Although serif fonts such as Times New Roman are often dismissed as ‘old fashioned’ – and Google’s decision to switch to a sans serif font on its logo is indicative of this general opinion – trends in design, as with many other things, tend to be cyclical. It’s also worth noting that many popular sans serif designs such as Gill Sans and Futura date from the early part of the last century, so are not exactly all that modern themselves. Indeed, even Helvetica, possibly the most popular of all modern typefaces, takes its inspiration from Akzidenz-Grotesk, which originates in the late 19th century.

Using a serif typeface does bring different connotations to a design than a sans serif would. A recent survey claimed that Time New Roman was the considered the most trustworthy typeface in the UK, so one might expect it to be used in legal documents and the like (it’s often specified as the preferred typeface for university essay submissions). That doesn’t make it an automatic choice for all occasions, though. Back to the original question of how the BBC logo would look rendered in Times rather than Gill, here’s a quick comparison.

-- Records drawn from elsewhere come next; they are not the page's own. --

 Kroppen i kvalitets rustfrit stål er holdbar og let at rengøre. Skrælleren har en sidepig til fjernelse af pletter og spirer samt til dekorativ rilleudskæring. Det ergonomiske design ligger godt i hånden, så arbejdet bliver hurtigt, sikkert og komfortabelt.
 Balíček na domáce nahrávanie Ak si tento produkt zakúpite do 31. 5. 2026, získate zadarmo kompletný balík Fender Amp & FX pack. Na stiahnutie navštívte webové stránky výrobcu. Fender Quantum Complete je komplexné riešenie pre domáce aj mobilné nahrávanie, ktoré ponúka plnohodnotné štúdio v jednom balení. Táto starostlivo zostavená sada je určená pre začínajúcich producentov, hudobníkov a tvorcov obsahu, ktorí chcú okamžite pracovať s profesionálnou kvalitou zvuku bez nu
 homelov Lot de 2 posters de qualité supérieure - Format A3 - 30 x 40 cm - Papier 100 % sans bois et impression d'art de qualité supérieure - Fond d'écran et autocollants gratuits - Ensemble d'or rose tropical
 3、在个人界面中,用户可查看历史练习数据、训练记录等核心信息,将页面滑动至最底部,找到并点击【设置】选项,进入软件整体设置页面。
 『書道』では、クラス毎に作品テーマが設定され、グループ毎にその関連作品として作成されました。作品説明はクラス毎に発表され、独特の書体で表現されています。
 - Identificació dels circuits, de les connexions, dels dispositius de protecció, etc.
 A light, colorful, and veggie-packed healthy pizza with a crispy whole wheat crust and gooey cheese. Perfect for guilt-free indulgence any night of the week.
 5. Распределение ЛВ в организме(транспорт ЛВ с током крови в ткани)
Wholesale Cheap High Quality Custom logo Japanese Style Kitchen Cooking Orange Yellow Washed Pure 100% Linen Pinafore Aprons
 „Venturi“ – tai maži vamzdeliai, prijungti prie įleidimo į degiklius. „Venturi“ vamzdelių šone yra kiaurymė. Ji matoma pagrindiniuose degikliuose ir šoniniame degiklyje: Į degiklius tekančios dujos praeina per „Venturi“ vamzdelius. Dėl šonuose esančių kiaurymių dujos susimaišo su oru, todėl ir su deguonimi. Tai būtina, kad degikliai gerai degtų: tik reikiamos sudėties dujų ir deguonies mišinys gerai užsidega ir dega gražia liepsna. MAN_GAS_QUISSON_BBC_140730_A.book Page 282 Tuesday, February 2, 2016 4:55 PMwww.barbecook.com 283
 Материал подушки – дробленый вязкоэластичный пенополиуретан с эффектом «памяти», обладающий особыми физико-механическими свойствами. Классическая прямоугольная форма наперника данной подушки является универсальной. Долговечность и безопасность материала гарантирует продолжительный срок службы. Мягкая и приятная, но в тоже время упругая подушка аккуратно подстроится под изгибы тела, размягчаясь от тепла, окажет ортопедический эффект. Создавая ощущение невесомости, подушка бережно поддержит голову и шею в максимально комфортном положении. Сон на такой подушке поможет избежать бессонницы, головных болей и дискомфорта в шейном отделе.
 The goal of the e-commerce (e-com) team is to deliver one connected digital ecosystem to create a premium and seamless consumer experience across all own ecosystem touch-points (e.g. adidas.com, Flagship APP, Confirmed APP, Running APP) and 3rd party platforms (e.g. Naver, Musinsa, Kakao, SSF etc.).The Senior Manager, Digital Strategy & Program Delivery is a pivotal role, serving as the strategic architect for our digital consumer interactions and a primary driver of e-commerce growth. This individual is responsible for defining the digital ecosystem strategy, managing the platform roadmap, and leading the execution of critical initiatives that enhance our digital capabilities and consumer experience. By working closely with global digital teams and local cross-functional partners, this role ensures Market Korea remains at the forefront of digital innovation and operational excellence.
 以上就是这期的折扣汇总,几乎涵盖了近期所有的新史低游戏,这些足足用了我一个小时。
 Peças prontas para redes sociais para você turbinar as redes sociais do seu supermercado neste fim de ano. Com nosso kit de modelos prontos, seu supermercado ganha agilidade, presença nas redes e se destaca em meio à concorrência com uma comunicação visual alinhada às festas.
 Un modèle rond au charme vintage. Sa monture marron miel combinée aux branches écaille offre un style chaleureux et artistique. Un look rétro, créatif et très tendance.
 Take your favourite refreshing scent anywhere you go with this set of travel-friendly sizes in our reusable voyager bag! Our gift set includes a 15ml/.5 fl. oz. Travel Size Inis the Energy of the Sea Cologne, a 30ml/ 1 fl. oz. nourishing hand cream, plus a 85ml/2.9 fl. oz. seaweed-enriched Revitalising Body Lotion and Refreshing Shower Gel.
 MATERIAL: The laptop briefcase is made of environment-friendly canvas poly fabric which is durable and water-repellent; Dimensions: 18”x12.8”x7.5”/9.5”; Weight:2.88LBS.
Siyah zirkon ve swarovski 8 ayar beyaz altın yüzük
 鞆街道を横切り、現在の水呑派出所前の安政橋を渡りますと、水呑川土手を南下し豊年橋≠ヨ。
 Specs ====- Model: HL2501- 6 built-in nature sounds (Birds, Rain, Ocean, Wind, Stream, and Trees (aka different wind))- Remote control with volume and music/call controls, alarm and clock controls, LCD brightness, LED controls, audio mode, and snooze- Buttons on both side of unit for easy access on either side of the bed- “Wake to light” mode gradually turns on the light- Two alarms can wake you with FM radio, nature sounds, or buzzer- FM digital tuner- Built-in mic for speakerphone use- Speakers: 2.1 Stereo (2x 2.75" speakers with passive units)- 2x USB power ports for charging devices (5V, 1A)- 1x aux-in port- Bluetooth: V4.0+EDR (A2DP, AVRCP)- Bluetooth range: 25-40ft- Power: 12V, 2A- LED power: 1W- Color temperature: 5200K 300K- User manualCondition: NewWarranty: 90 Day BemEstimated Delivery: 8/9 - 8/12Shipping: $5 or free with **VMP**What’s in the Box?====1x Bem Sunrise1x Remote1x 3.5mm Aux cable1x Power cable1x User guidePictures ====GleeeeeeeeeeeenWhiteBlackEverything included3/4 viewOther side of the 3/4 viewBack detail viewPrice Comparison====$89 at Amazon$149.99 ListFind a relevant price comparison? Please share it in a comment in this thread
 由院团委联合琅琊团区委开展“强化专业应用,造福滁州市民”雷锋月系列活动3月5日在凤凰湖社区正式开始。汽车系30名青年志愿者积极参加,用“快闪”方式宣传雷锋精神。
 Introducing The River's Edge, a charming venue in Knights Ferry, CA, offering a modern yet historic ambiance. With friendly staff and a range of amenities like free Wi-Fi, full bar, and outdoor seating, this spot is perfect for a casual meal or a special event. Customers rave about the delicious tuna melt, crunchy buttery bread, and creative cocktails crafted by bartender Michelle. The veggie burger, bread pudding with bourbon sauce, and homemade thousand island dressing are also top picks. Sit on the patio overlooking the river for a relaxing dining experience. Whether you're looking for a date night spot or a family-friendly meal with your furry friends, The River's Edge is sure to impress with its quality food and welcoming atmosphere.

It’s fair to say that when it’s set in Times it just looks wrong. While the logo has evolved over the years, the key to its success is that it is instantly recognisable, and such a subtle change as altering the typeface can change its appearance and intonation completely.

Context is vitally important when thinking about such things, though, and a serif face could still make an excellent choice for a logo. There are myriad choices options available in the world of typography and while certain ones are more popular (and not without good reason) distinctive design shouldn’t necessarily follow the crowd and being distinctive often requires one to be bold, so don’t write off the old serifs just yet.